Soddisfatto della squadra che ha a sua disposizione. L’arrivo di Sneijder ha messo il sorriso sulle labbra di Josè Mourinho, che ora ha ciò che gli serve per fare bene anche se domani sera l’olandese non ci sarà: “Sneijder completa la mia squadra. Volevo un difensore centrale, un centrocampista, un trequartista e un centravanti. Sono arrivati tutti, siamo completi, peccato che ciò non sia accaduto nel precampionato, sarebbe stato fantastico avere un mese e mezzo per prepararsi. La squadra è nuova, ma è una squadra con potenzialità, ci vorrà più tempo ma potenzialmente è più equilibrata di quella dell'anno scorso. Per vedere la vera Inter ci vorranno cinque o sei mesi, ma ci sono allenatori che ci mettono anche degli anni.
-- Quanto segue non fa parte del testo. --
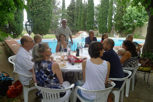La suite ? Un splendide cadre ombragé au bord d'une piscine, la vue sur un vignoble remarquablement tenu, des amis, un service à table attentionné, des cuistots efficaces, tous les ingrédients pour une fête réussie …

Sono diventato campione nazionale nella prima stagione alla guida di Porto e Chelse e non posso pretendere più tempo se ho dato prova di poter riuscire a far bene quasi subito”. Il discorso passa poi al derby di domani sera: "Abbiamo a disposizione tutti tranne Cambiasso, avevamo l’incognita Sneijder ma non voglio tornare sull’argomento del poco tempo. Potrei anche decidere di lasciare fuori Zanetti, un allenatore deve fare delle scelte. Chi dice che Santon giocherà a centrocampo era sugli alberi della Pinetina a spiare il nostro allenamento. Ho sempre detto che il Milan è una squadra forte, sono uno dei pochi non rossoneri a dichiararlo e la partita di Siena mi ha dato ragione. Non esiste un favorito a vincere questa partita, l'Inter giocherà per un solo risultato, positivo”.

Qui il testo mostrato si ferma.